Quand on passe devant le numéro
25 de l’avenue des Champs-Elysées, en général on
ne remarque pas cet édifice qui est en retrait de
l’alignement. Un restaurant avec terrasse fermée occupe une partie
du trottoir et le masque partiellement. Mais en levant la tête, on voit
sa magnifique façade de style Renaissance sur deux niveaux, surmontée
d’une lucarne. Une porte à deux battants, en bronze, ornée
de bas-reliefs dorés, est placée de chaque côté
du mur de clôture. Les voitures entraient par l’une, déposaient
les invités, toujours des hommes, devant la rotonde d’entrée
et ressortaient par l’autre après être passées derrière
le bâtiment. Suite aux transformations apportées par les propriétaires
successifs, cet accès a été fermé et remplacé
par un escalier menant au rez-de-chaussée surélevé.

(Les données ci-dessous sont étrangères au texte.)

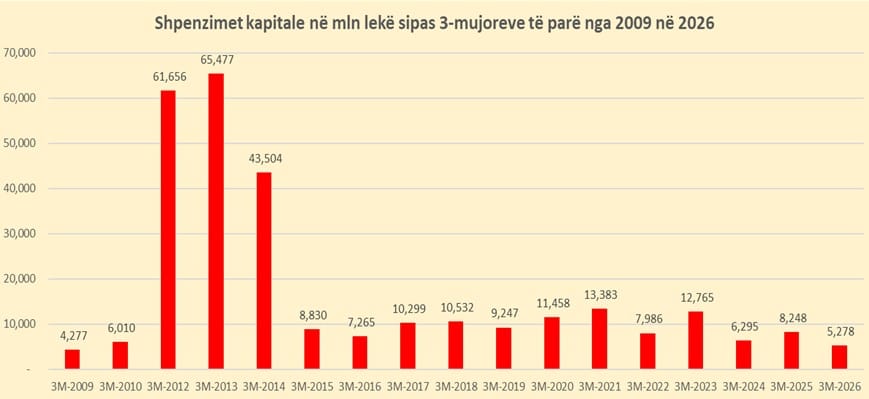 Grafiku i shpenzimeve kapitale për tremujorët e parë tregon një epokë të artë të investimeve rreth viteve 2012-2013, ku shifrat kapërcyen 65 miliardë lekë, për të pasuar më pas me një rënie drastike që nuk u rikuperua kurrë.

Mais, avant d’entrer, l’histoire
de cet hôtel mérite d’être connue comme celle de
la femme qui lui a donné son nom, la marquise de Païva. Au XIXe
siècle, les Champs-Elysées étaient loin d’être
aussi construits et fréquentés qu’aujourd’hui. L’Arc
de Triomphe (construction de 1806 à 1836) a longtemps été
seul. C’est l’exposition universelle de 1855 avec le gigantesque
Palais de l’Industrie qui met les Champs-Elysées à la
mode. C’est sur cette avenue qu’est construit l’hôtel
de 1855 à 1866 sous la direction de l’architecte Pierre Manguin
pour la somme de 10 millions de francs or. Celle à qui il est destiné
est Esther Pauline Blanche Lachmann, née en 1819, d’origine polonaise,
émigrée en Russie où elle épouse un Français
venu y faire fortune. En 1838, elle quitte son mari et part pour Paris où
elle rencontre un riche pianiste et fabricant de pianos, Henri Hertz, qui
lui fait connaître le monde artistique et les Etats-Unis. Elle est une
des femmes les plus élégantes de Paris.
Après des revers de fortune,
elle va à Londres où elle rencontre Lord Stanley, suivi d’autres
Lords… et rentre à Paris en 1848. Elle épouse un noble
portugais, Albino Francisco, marquis de Païva Araújo en 1851,
elle le quitte bientôt mais elle gardera le nom. Le marquis, ruiné,
se suicide en 1871. Veuve à nouveau, elle épouse son amant le
comte Guido Henckel von Donnersmarck, richissime Silésien, cousin de
Bismarck, qui lui a offert un hôtel au 28, place Saint-Georges, un château
à Pontchartrain et fait construire celui des Champs-Elysées.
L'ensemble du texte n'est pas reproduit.